---------- SOURCE DATA ----------
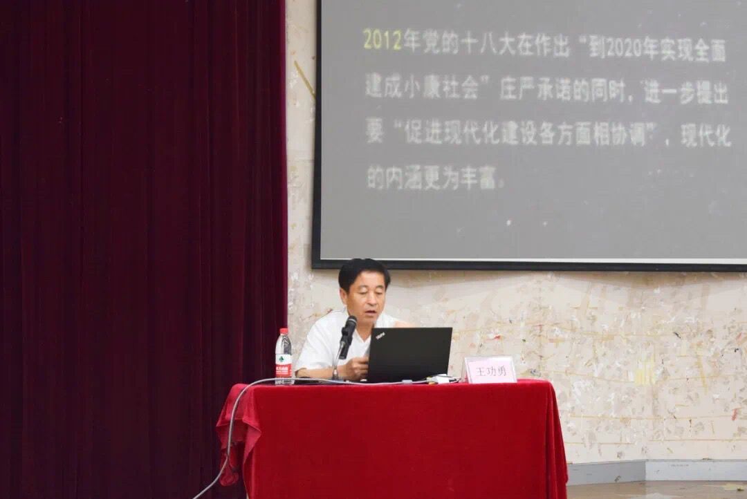 王功勇书记以中国近现代史的两个一百年为时间轴,以中国共产党百年辉煌和中国现代化为核心,用详实的数据,生动的历史画面,从历程、引领、主体、保障和本质五个方面阐述“世界眼光视域下的中国现代化”。
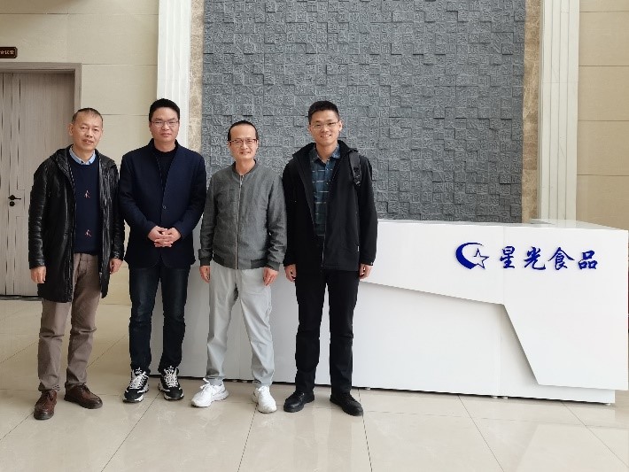 pp电子教授郭全友与宁德市星光食品有限公司执行董事陈银平交流学习出口贸易及生产过程中出现的问题,郭全友教授为企业生产出现的问题提出宝贵的意见。
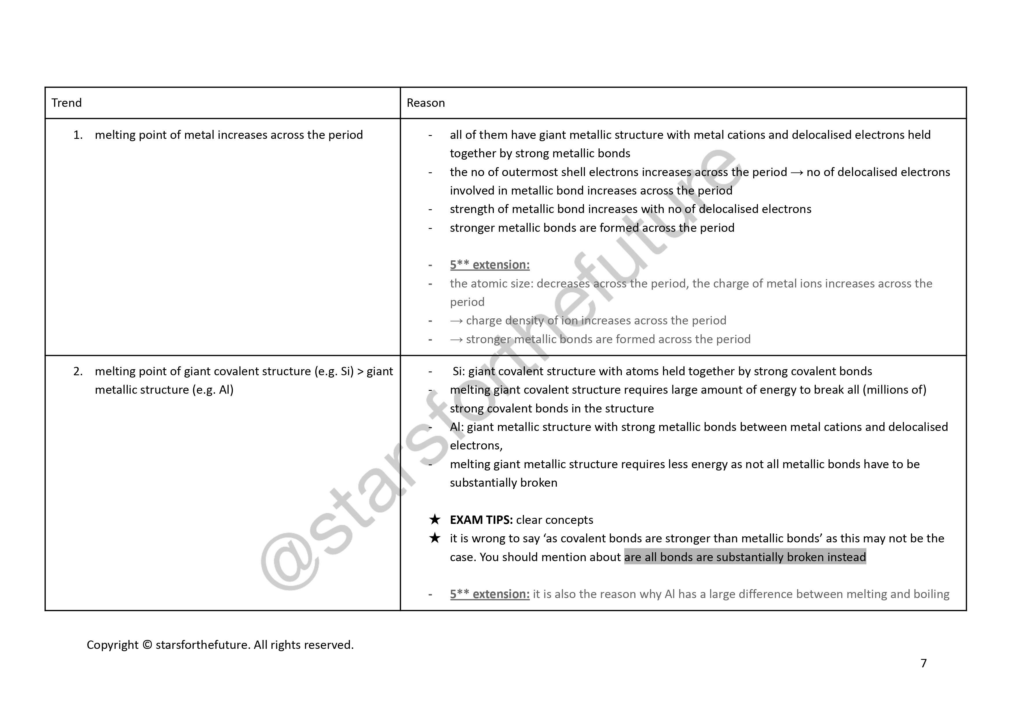 - 5** extension in melting and boiling points of Al and various of melting point down a group
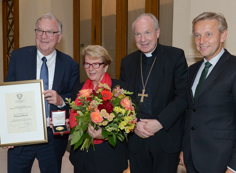Die großen Verdienste von Waltraud Klasnic um die Hospizbewegung in Österreich und die Aufarbeitung kirchlicher Missbrauchsfälle hat Kardinal Christoph Schönborn bei deren Auszeichnung mit der "Kardinal-Opilio-Rossi-Medaille" am Dienstagabend, 2. Juni 2015 in Wien hervorgehoben.
----------
• TASK GOAL
In the listing above, find the line with "pp电子教授郭全友与宁德市星" and the line with "- 5** extension". Set down both and every line between them, minus the pictures.

• SOLUTION TO THIS PROBLEM
 pp电子教授郭全友与宁德市星光食品有限公司执行董事陈银平交流学习出口贸易及生产过程中出现的问题,郭全友教授为企业生产出现的问题提出宝贵的意见。
 - 5** extension in melting and boiling points of Al and various of melting point down a group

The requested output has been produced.